When the sequence "0110" is detected output Z goes high for one CLK period. Two or more adjacent patterns can also be detected as in this bit stream sequence: "01101101101..."
To make it a simple FSM design, we will assume:
- The bitstream incoming frequency is the same of the pattern_detector CLK.
- The bit stream signal is delayed half period with respect the CLK, to be able to sample stable data every CLK rising edge.
-- Transmission is continuous.
Design phase #1 Basic pattern detector circuit.
Fig. 1. Symbol. |
The best way to start, is to try imagining how the output will be for a given bitstream, as represented in Fig. 2.
Fig. 2. Example of timing diagram. fCLK = 75 Hz. |
Some questions to kick off the project and organise it as a FSM in four sections:
Project location:
C:
Copy and adapt a circuit from a convenient tutorial project and name it Pattern_detector.pdsprj. Assign pins to inputs and outputs accordingly to one of the following options (your instructor will tell you which):
Pin assignment option #1:
CLK --> RB1
T --> RB6
Z --> RC7
Pin assignment option #2:
CLK --> RB2
T --> RA2
Z --> RD7
Pin assignment option #3:
CLK --> RB0
T --> RB7
Z --> RC4
Draw the hardware schematic. Buttons and switches, resistors, inputs, outputs, reset circuit MCLR_L and quartz crystal oscillator of 8 MHz. Explain how to configure inputs and outputs in init_system().
How to generate example bit streams in Proteus?
Draw the flowchart of the general program organisation.
Draw the hardware/software diagram indicating the required RAM variables and how the FSM is solved in software.

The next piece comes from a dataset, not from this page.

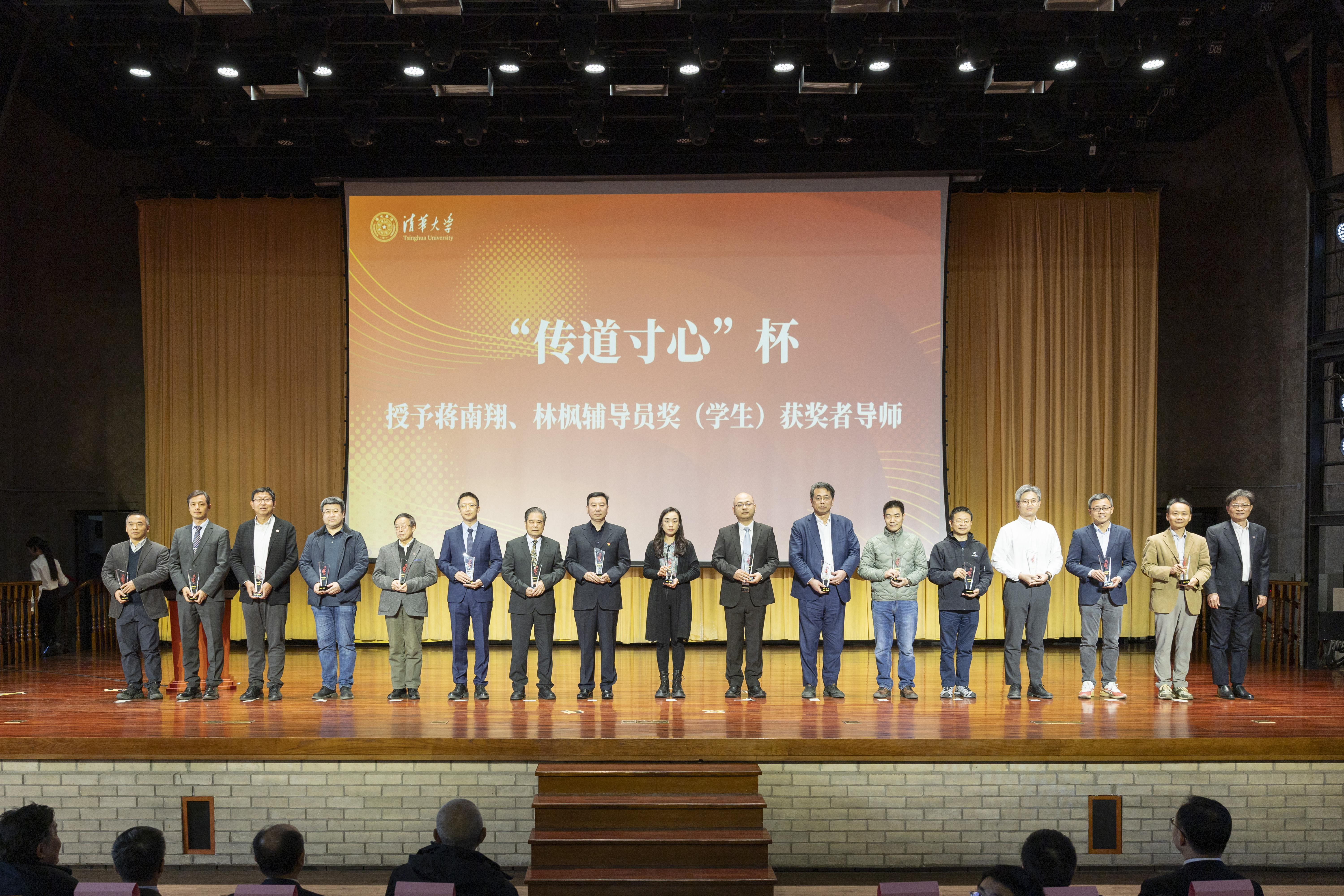 “传道寸心”奖颁发给学生身份林枫辅导员奖获得者的导师,以表彰他们对辅导员工作的关心和支持,其中繁体的“道”字(導)寓意辅导员和导师都是用心传道的“导”,“传道千古事,得失寸心知”。

Infer the state diagram governing the machine.
Explain how to poll (read) input T in read_inputs() using bitwise operations. Explain how to measure how many times per second this input is read.
Explain how to drive output pins in write_outputs().
Draw the truth tables and their equivalent flowcharts for state_logic() and output_logic() functions.
How the interrupt service routine ISR() is used in this application? Draw its flowchart.
Develop and test (debugging) the project capturing the hardware circuit in Proteus and writting the C source code.
Note: Step-by-step tactical approach for developing and testing the project: Read one input at a time and run to check that the voltage value is correctly captured as a valid digital value in RAM memory. Write one output at a time and run to check that your code is correct to light the LED connected at the output pin. |
Design phase #2: Add an LCD to show messages, such text, for example: "no input data", "pattern detected", etc. A number will indicate the number of times the pattern is detected in the incoming bit stream.
Design phase #3: Use the TMR2 to replace external CLK interrupts.